Most modern dentures use the wire that is connected to the implant via a connector on the skull. The system is somewhat cumbersome, and it is unlikely it can be effectively used throughout a patient's life for a number of reasons, for example, movement of the implant or the buildup of scar tissue.
Is there a way to wirelessly exchange information with the brain? This question examines Michael Maharbiz also a participant of the festival and an electrical engineer from the University of California. He and his colleagues are developing microscopic sensors known as "neural dust," which can record the electronic signals of nerve cells. The neural dust system uses ultrasound to provide power and exchange data with your particles.
This system will allow scientists to simultaneously record signals from thousands of neurons, creating a more complete picture of brain activity.
The injection of information into the brain while some researchers figure out how to make neurons to communicate with robotic limbs in the real world, others are working in the opposite direction, inventing biomedical implants that can send to the brain the external information is usually perceived by people through the eyes and ears.
Although these scientists are not yet ready to create a futuristic cyborg with perfect eyesight and hearing, they have progressed far in the development of the so-called neuroprosthesis. Among them are cochlear implants that restore hearing in the deaf, and bionic eyes that give blind the ability to see.
Sheila Nirenberg, Professor of physiology and Biophysics at Cornell University, working on artificial retinas for treating blindness due to damage to the retina of the eye. Her goal is to create a chip that not only give external information to the brain, but also to make it high resolution like this the retina.
When light enters the eye and is faced with the photoreceptor cells on the retina, the portable information is converted into electrical impulses, which subsequently enter the brain.
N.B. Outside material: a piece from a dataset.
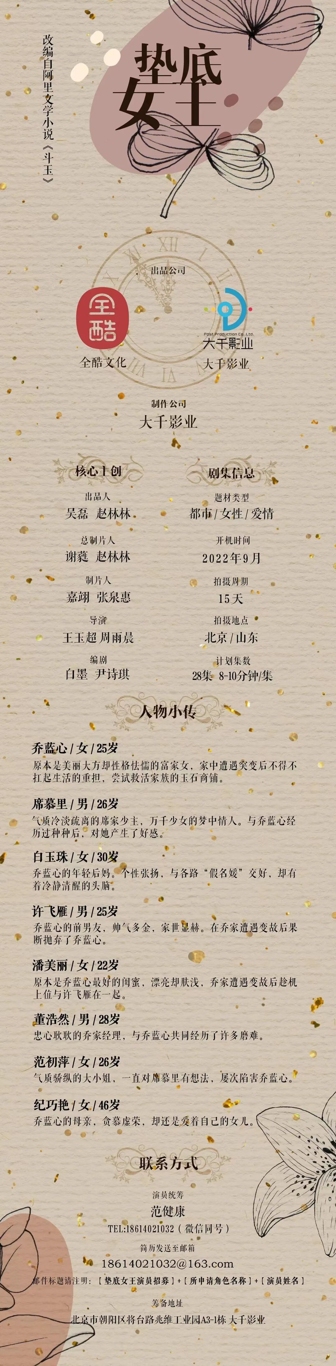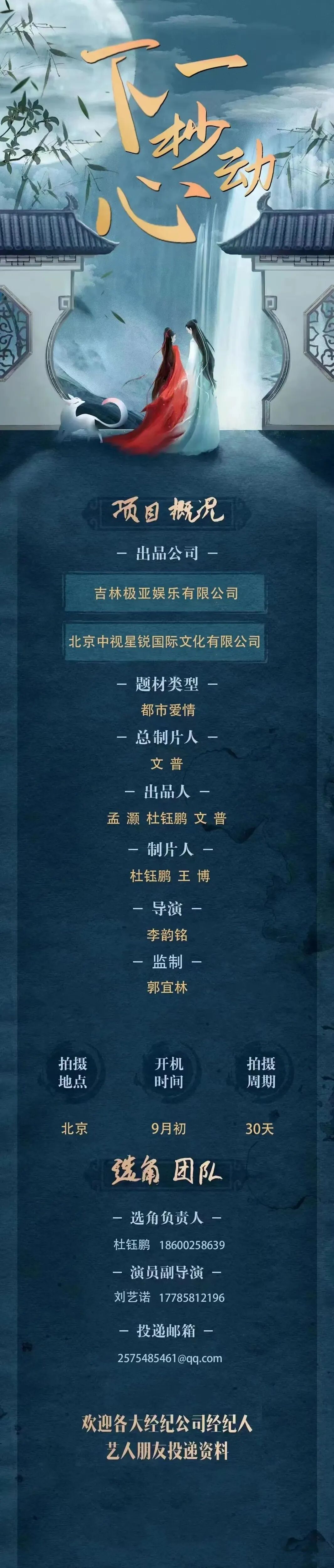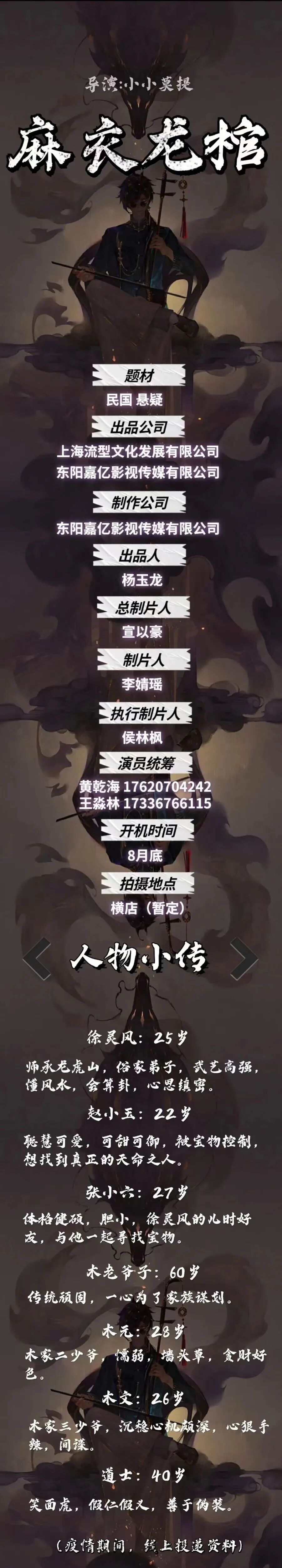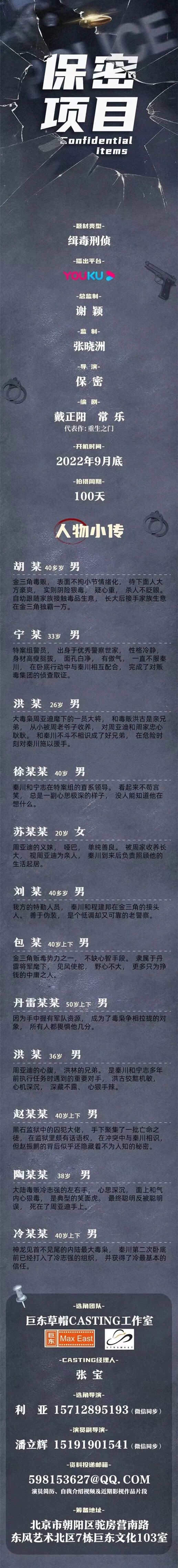 备注:剧中大量人物角色未定,现接收电子资料,欢迎各位演员及经纪人朋友前来投递。

But each image has the pattern, and thus are electrical impulses from the retina are in the form of patterns or codes.
Deciphering the neural code of retinal cells, the researchers were able to create tiny chips producing and sending to the brain the same electrical patterns that the mesh membrane of the eye, bypassing damaged cells, said Sheila Nirenberg. This technology has demonstrated excellent results in mice, and researchers are testing it on primates, before transfer to humans.
The brain's ability one day the brain will be able to control the whole robotic body or to perceive the world through artificial senses. However, it is less likely that scientists will ever be able to fully recreate the brain in the computer, I'm sure the festival participant Gary Marcus, a cognitive psychologist from new York University. But even if such supercomputers ever appear, he is unlikely to constitute a personality as such.
Technologies of modernity, no matter how striking they may be, are still far from disclosing the mysteries of the brain, said the participants of the festival. Scientists can focus on a single neuron, and to understand the activity of large groups of nerve cells. But they still know little about what happens in the middle, between the bursts of activity of one neuron and the Symphony of the whole brain that gives human consciousness.
"This mean in the next 50 years, offers scientists a new, epic journey through the convolutions of the brain," said John Donohue.